§ **MATERIAL PROVIDED**
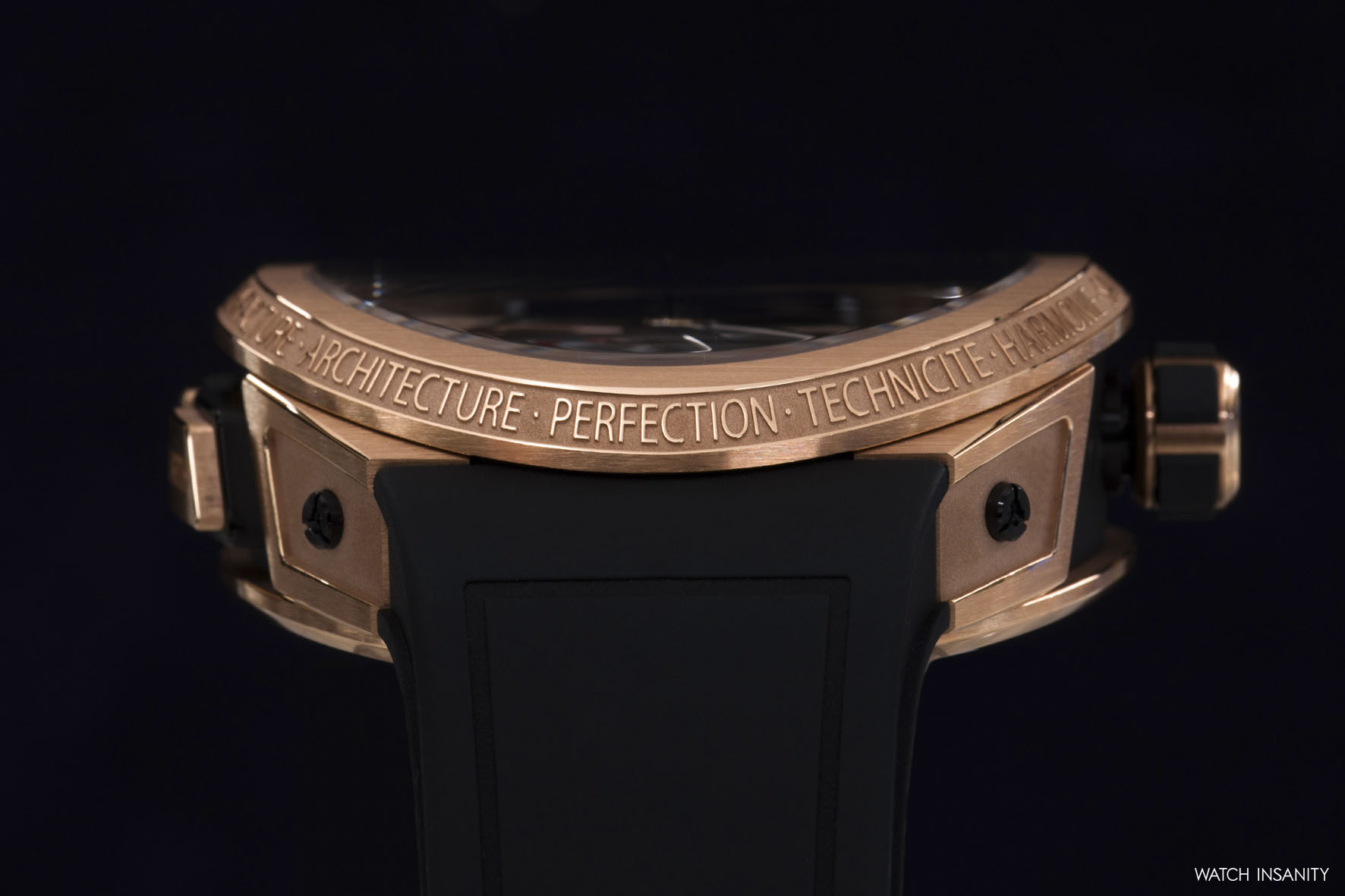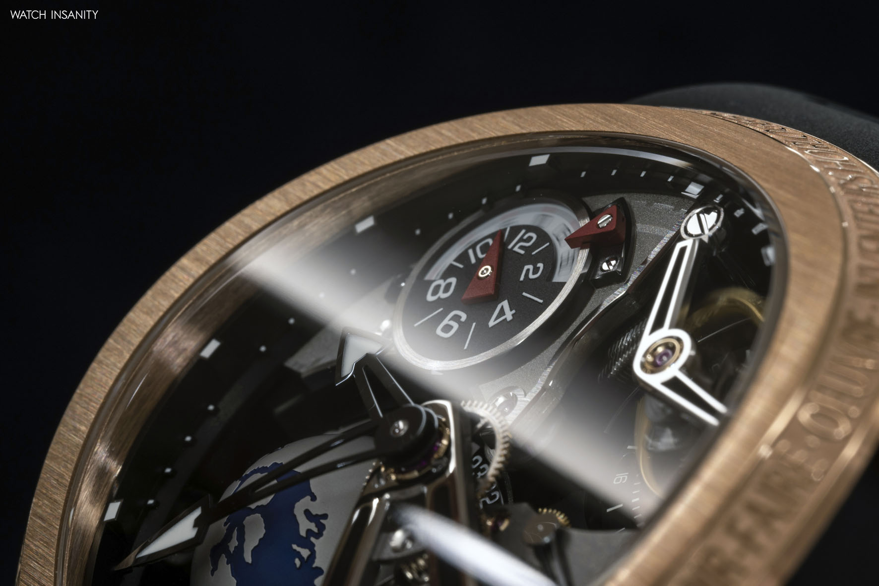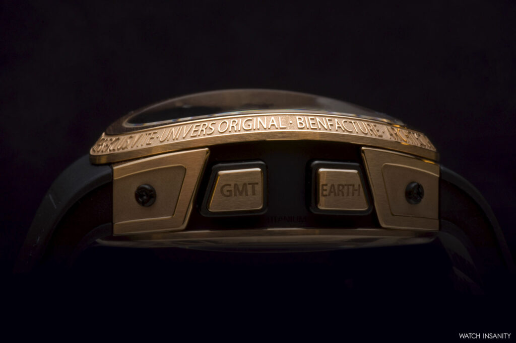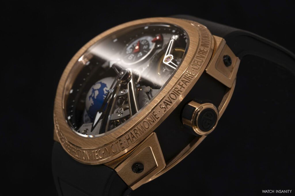 Rispetto all’originale GMT Sport in titanio e dettagli blu – oggi esaurito e che due anni fa ha sbalordito il mondo dell’orologeria per le sue forme mai viste prima con cassa curva e ovoidale che a suo tempo abbiamo presentato qui – la nuova versione si impreziosisce dell’oro rosso su cassa e globo terrestre con il titanio che resta soltanto su carrure, corona, pulsanti e nella deployante, per una combinazione estetica davvero potente, che inevitabilmente renderà ricercatissimi gli 11 esemplari di questa nuova edizione limitata.
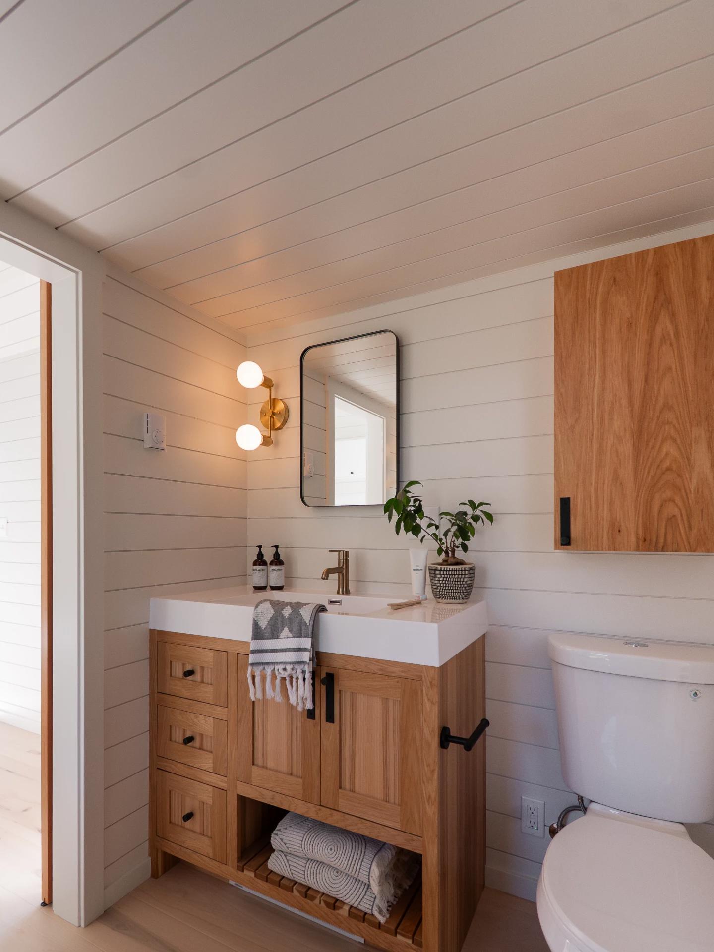 Рядом с гостиной находится кухня, оснащенная холодильником с морозильной камерой, духовкой с 4-конфорочной плитой, посудомоечной машиной, раковиной, а также отдельными стиральной и сушильной машинами. Кухня рассчитана на трёх человек, в ней довольно много шкафов и столешницы из клёна. Кухня отделена от ванной комнатой раздвижной дверью. В ванной комнате установлены ванна с душем, что является редкой роскошью для крошечного дома, а также унитаз со смывом и раковина с подходящей по размеру аптечкой из орехового дерева.
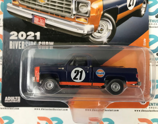 Auto World Diecastz Exclusives 2021 Riverside Show 1976 Chevy Cheyenne Fleetside Gulf Deep Blue 1:64
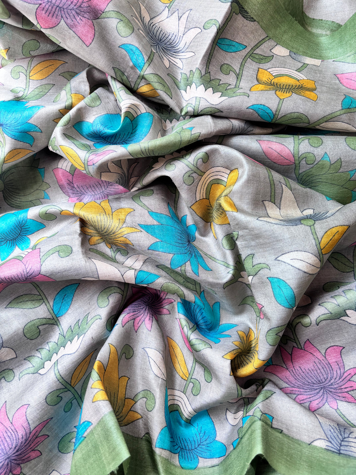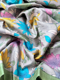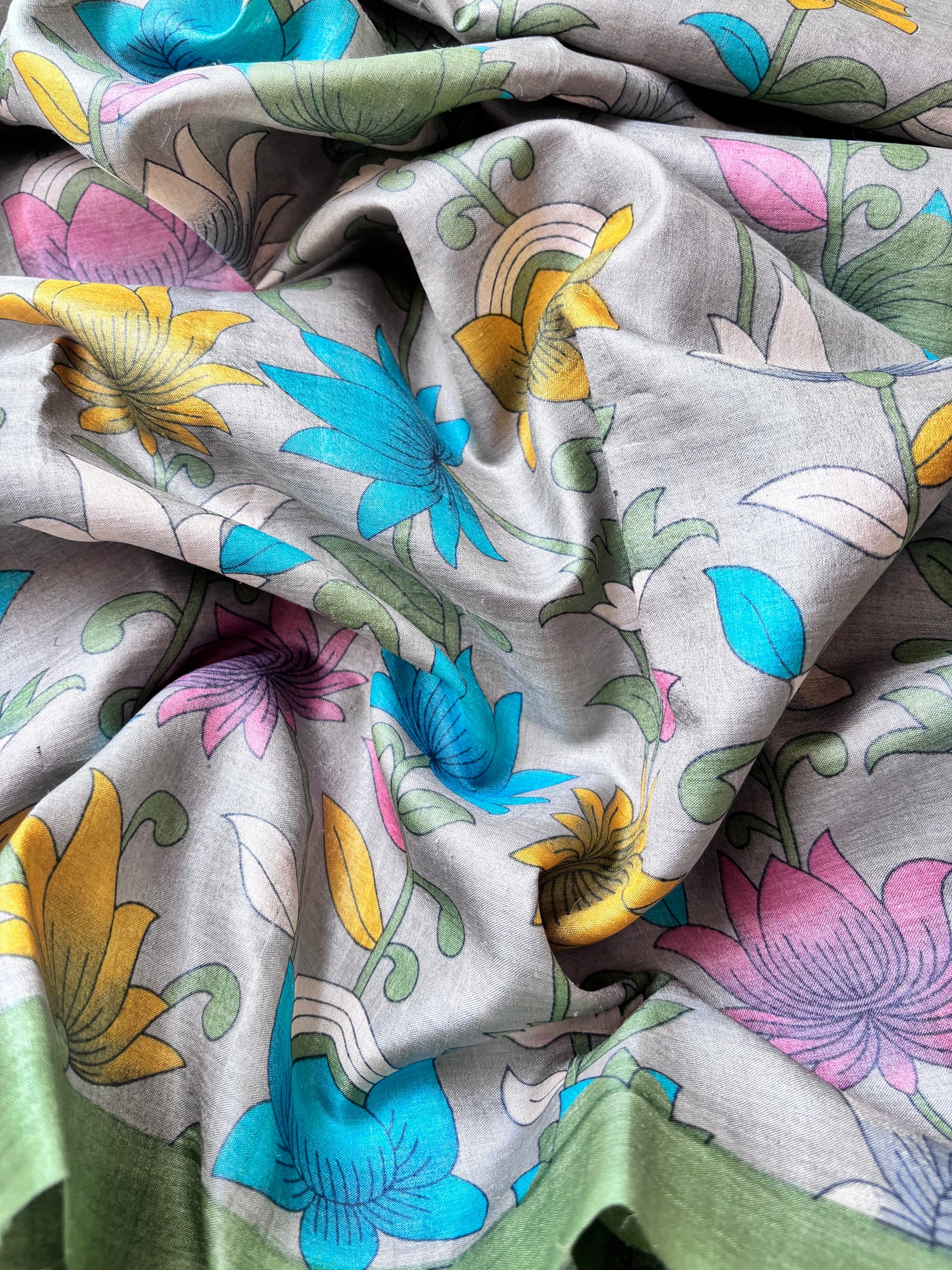 The Gray Tussar Saree features the distinctive texture and natural luster of tussar silk in a sophisticated gray tone. Its breathable fabric ensures comfort, while the elegant drape highlights expert craftsmanship. Suitable for both formal and casual occasions, this saree offers a versatile and timeless addition to any wardrobe, blending traditional artistry with contemporary style.

§ **WORK REQUIRED**
Take the material above and set it down exactly, minus the images.

§ **RESULT OF THIS TASK**
 Rispetto all’originale GMT Sport in titanio e dettagli blu – oggi esaurito e che due anni fa ha sbalordito il mondo dell’orologeria per le sue forme mai viste prima con cassa curva e ovoidale che a suo tempo abbiamo presentato qui – la nuova versione si impreziosisce dell’oro rosso su cassa e globo terrestre con il titanio che resta soltanto su carrure, corona, pulsanti e nella deployante, per una combinazione estetica davvero potente, che inevitabilmente renderà ricercatissimi gli 11 esemplari di questa nuova edizione limitata.
 Рядом с гостиной находится кухня, оснащенная холодильником с морозильной камерой, духовкой с 4-конфорочной плитой, посудомоечной машиной, раковиной, а также отдельными стиральной и сушильной машинами. Кухня рассчитана на трёх человек, в ней довольно много шкафов и столешницы из клёна. Кухня отделена от ванной комнатой раздвижной дверью. В ванной комнате установлены ванна с душем, что является редкой роскошью для крошечного дома, а также унитаз со смывом и раковина с подходящей по размеру аптечкой из орехового дерева.
 Auto World Diecastz Exclusives 2021 Riverside Show 1976 Chevy Cheyenne Fleetside Gulf Deep Blue 1:64
 The Gray Tussar Saree features the distinctive texture and natural luster of tussar silk in a sophisticated gray tone. Its breathable fabric ensures comfort, while the elegant drape highlights expert craftsmanship. Suitable for both formal and casual occasions, this saree offers a versatile and timeless addition to any wardrobe, blending traditional artistry with contemporary style.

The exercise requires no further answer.